■ Work request:
Give again, character for character, the lines that lie between the first line of the material and the line with "10.也可以自行在排行榜中,切换试炼的关", inclusive. Omit pictures.

■ Data provided:
_____

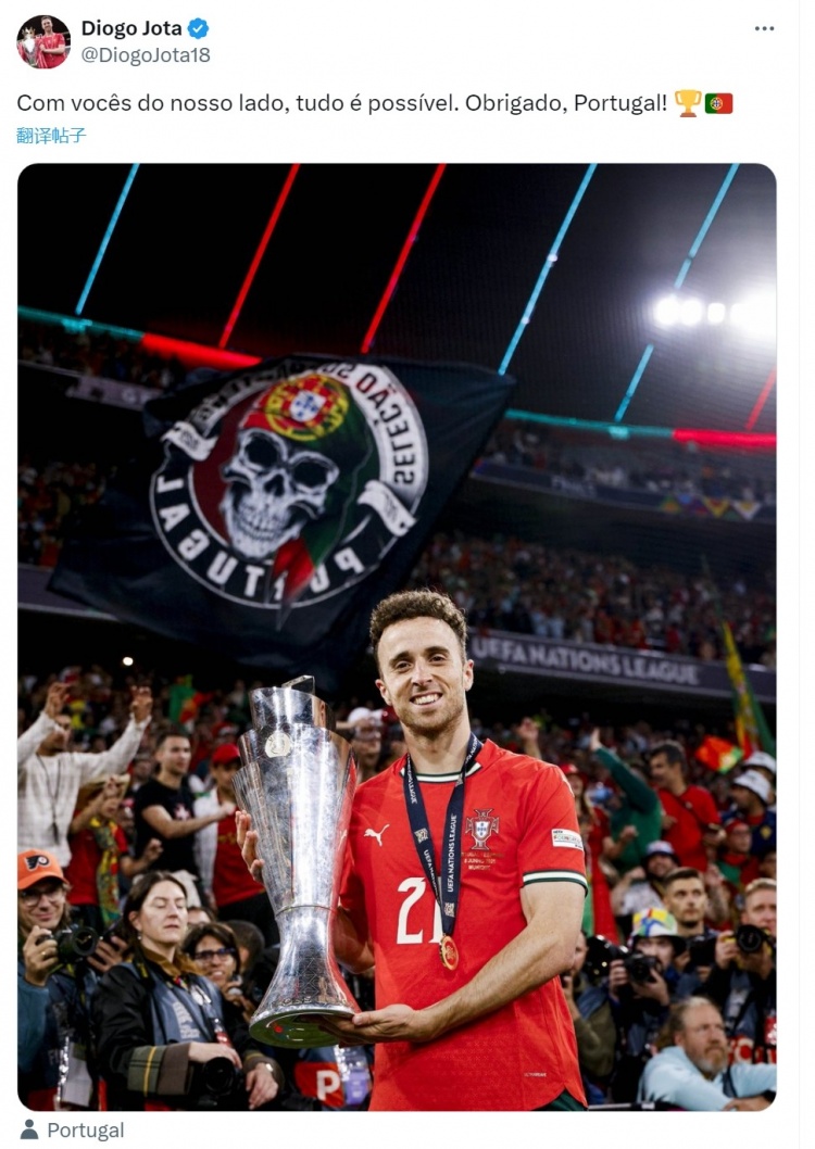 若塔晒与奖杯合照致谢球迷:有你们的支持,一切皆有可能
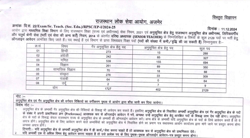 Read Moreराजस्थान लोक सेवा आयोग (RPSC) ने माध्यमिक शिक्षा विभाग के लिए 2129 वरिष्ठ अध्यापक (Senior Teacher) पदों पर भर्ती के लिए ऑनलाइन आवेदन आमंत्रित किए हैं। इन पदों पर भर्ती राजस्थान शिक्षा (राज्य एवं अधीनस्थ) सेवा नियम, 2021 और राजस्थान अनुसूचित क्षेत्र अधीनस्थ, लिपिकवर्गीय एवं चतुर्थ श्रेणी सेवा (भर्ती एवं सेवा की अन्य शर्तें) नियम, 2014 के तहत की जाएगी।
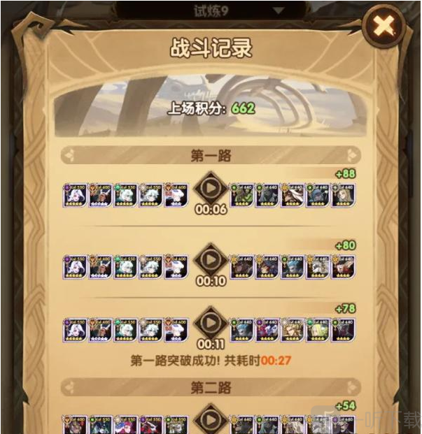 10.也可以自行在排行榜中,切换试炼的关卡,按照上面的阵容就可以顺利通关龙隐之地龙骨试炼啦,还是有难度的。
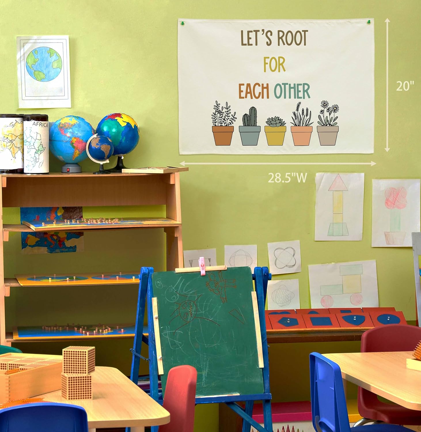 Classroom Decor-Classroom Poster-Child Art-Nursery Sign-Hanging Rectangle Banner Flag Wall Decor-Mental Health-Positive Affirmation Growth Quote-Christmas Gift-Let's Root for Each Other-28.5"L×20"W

_____

■ Exercise result:
 若塔晒与奖杯合照致谢球迷:有你们的支持,一切皆有可能
 Read Moreराजस्थान लोक सेवा आयोग (RPSC) ने माध्यमिक शिक्षा विभाग के लिए 2129 वरिष्ठ अध्यापक (Senior Teacher) पदों पर भर्ती के लिए ऑनलाइन आवेदन आमंत्रित किए हैं। इन पदों पर भर्ती राजस्थान शिक्षा (राज्य एवं अधीनस्थ) सेवा नियम, 2021 और राजस्थान अनुसूचित क्षेत्र अधीनस्थ, लिपिकवर्गीय एवं चतुर्थ श्रेणी सेवा (भर्ती एवं सेवा की अन्य शर्तें) नियम, 2014 के तहत की जाएगी।
 10.也可以自行在排行榜中,切换试炼的关卡,按照上面的阵容就可以顺利通关龙隐之地龙骨试炼啦,还是有难度的。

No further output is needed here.